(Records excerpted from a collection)
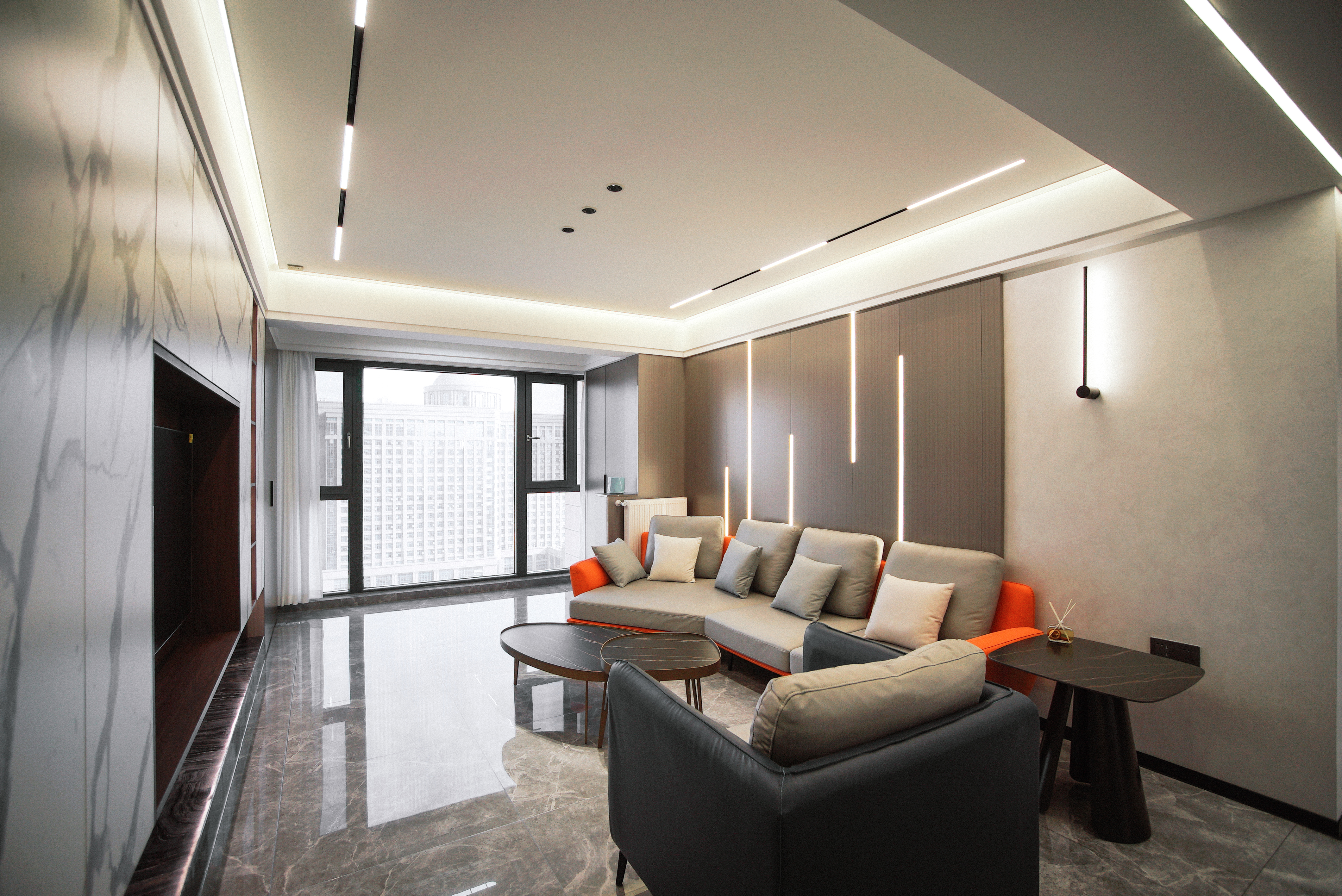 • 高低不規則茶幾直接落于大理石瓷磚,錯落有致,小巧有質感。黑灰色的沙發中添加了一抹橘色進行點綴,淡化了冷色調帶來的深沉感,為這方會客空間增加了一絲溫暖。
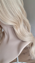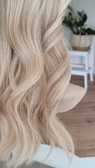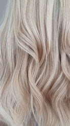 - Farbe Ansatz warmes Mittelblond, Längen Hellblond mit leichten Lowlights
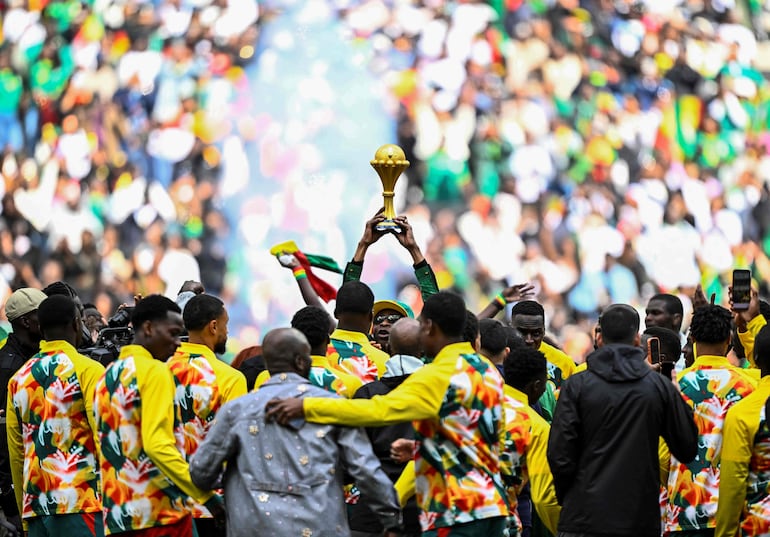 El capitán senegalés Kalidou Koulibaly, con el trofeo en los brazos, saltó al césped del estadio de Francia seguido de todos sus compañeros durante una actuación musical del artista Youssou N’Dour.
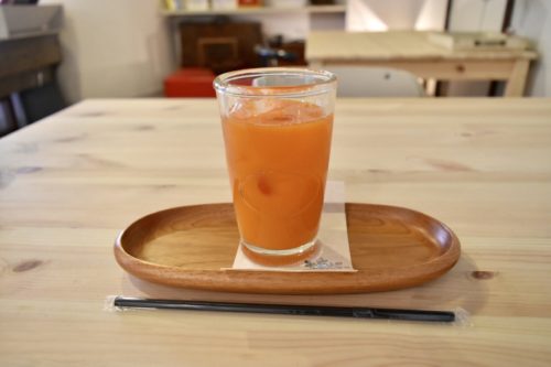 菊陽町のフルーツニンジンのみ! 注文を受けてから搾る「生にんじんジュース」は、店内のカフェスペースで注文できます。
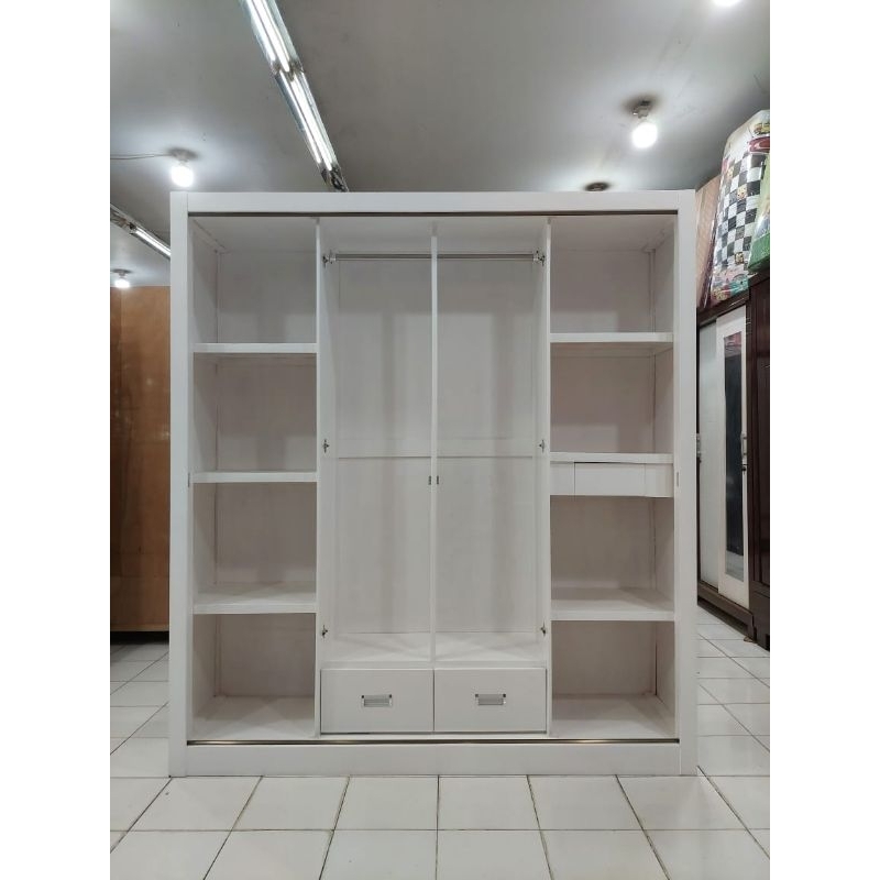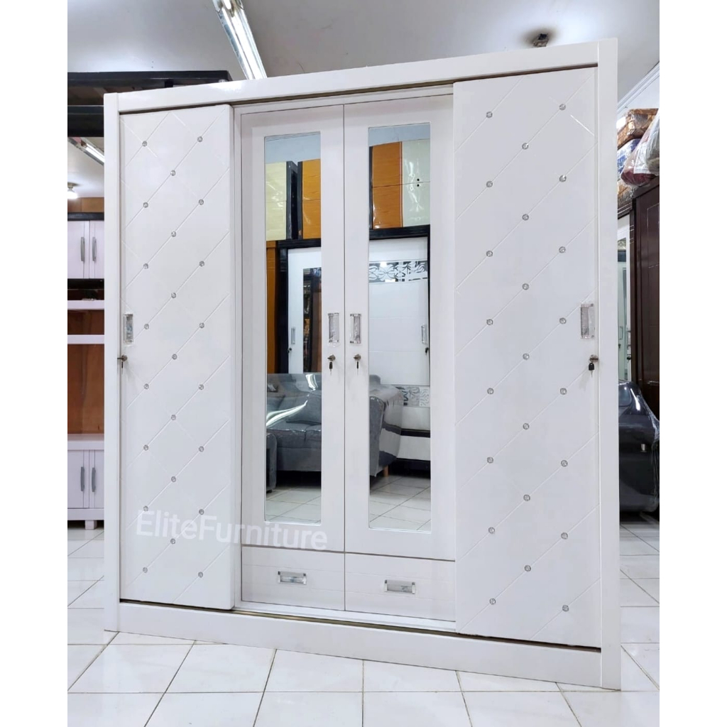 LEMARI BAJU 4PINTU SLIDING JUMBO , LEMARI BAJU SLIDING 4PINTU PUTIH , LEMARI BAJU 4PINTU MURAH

## Action item
Could you reproduce every record above exactly, leaving out the pictures?

## Result of this task
 • 高低不規則茶幾直接落于大理石瓷磚,錯落有致,小巧有質感。黑灰色的沙發中添加了一抹橘色進行點綴,淡化了冷色調帶來的深沉感,為這方會客空間增加了一絲溫暖。
 - Farbe Ansatz warmes Mittelblond, Längen Hellblond mit leichten Lowlights
 El capitán senegalés Kalidou Koulibaly, con el trofeo en los brazos, saltó al césped del estadio de Francia seguido de todos sus compañeros durante una actuación musical del artista Youssou N’Dour.
 菊陽町のフルーツニンジンのみ! 注文を受けてから搾る「生にんじんジュース」は、店内のカフェスペースで注文できます。
 LEMARI BAJU 4PINTU SLIDING JUMBO , LEMARI BAJU SLIDING 4PINTU PUTIH , LEMARI BAJU 4PINTU MURAH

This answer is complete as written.